I thought the standalone Query would also work, but for some reason it doesn't, maybe a bug?

julia> itr |> @take 10000 |> table
ERROR: ArgumentError: iter cannot be turned into a NextTable.

piever avatar Feb 02 '18 10:02 piever

That's a good approach! However, you also want to be able to load the file in parallel. This may be possible with CSVFiles in the future, I'm not sure if it is already.

I have been thinking about this feature a bit, it's common to have files of different sizes, say 4 files of 10mb, 200mb, 500mb, 1gb.. in this case you want to be able to load them using many process into chunks of approximately equal sizes.
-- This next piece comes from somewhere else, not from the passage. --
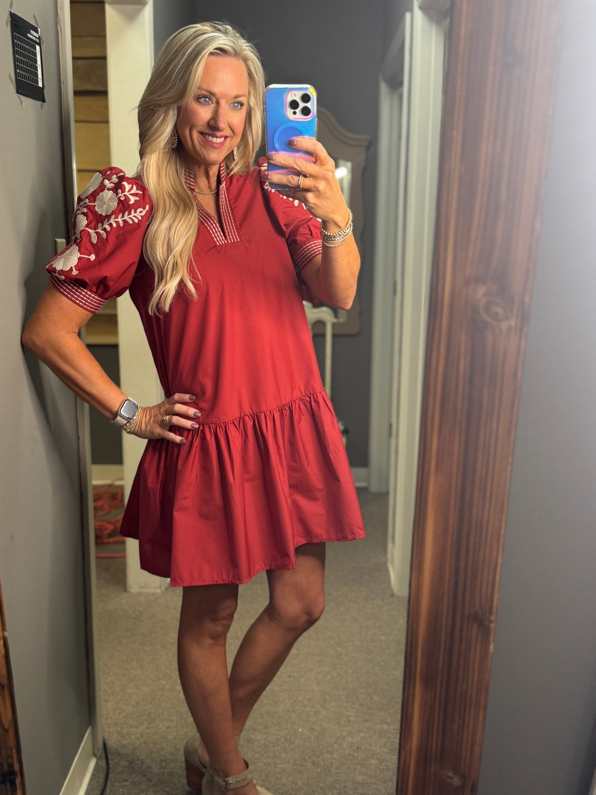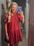 This charming mini dress combines delicate floral embroidery with bold striped trim for a fresh, eye-catching look. Its solid, woven fabric is lightweight yet fully lined, ensuring comfort without transparency. Short puff sleeves and convenient side pockets add playful style and practicality, making it perfect for warm days or casual outings. Embrace effortless elegance and ease in this beautifully crafted dress that stands out with subtle details and flattering design.

This might be possible by reading ~400 MB of CSV at a time i.e. file 1, 2 and some of 3 would be read in by process 1 while the rest of file 3 may be read by process 2, process 3 & 4 may share 4th file... There's a caveat though: the size of the CSV data is not proportional to the size of the data in Julia (e.g. if many NA fields are present, you still take up memory in Julia but not in the CSV)

One has to be careful to give TextParse the first line as the header in each case, otherwise we may end up with incorrect column order.

shashi avatar Feb 02 '18 10:02 shashi

A useful utility (maybe @iblis17 was going for this with ChunkIter) is BlockIO https://github.com/JuliaParallel/Dagger.jl/blob/master/src/lib/block-io.jl#L26 written by Tanmay. It lets you treat a part (range) of a file as a single file, and also allows splitting the file on newlines.

shashi avatar Feb 02 '18 10:02 shashi

right now loadtable takes a vector of filenames (if a directory is provided it will look for all files in it), and does these steps:

  1. split the vector of files into p equal (by number of files) groups -- where p is the number of worker processes (or the chunks argument to loadtable)
  2. call _loadtable_serial with each group on in an async parallel task (using Dagger.delayed) _loadtable_serial in turn calls TextParse.csvread(files::AbstractArray{<:AbstractString}...) method which can read multiple files at a time. This will load these files (a group) as a single table.

I think the changes required for this feature would be:

  1. Find the size of each file, add them up, divide by number of chunks required..
  2. Instead of creating groups of files (vector of vector of file names) we need to create a vector of vector of (filename, range, header) tuples where header is the header read from that file.
  3. Create a csvread(::AbstractArray{Tuple{String, <:Range, <:AbstractVector}} function which takes an element of the above grouping (a vector of these tuples) and reads those parts into a single table.
  4. call this method from _loadtable_serial.

shashi avatar Feb 02 '18 10:02 shashi

I just tried CSVFiles (don't know its existence before)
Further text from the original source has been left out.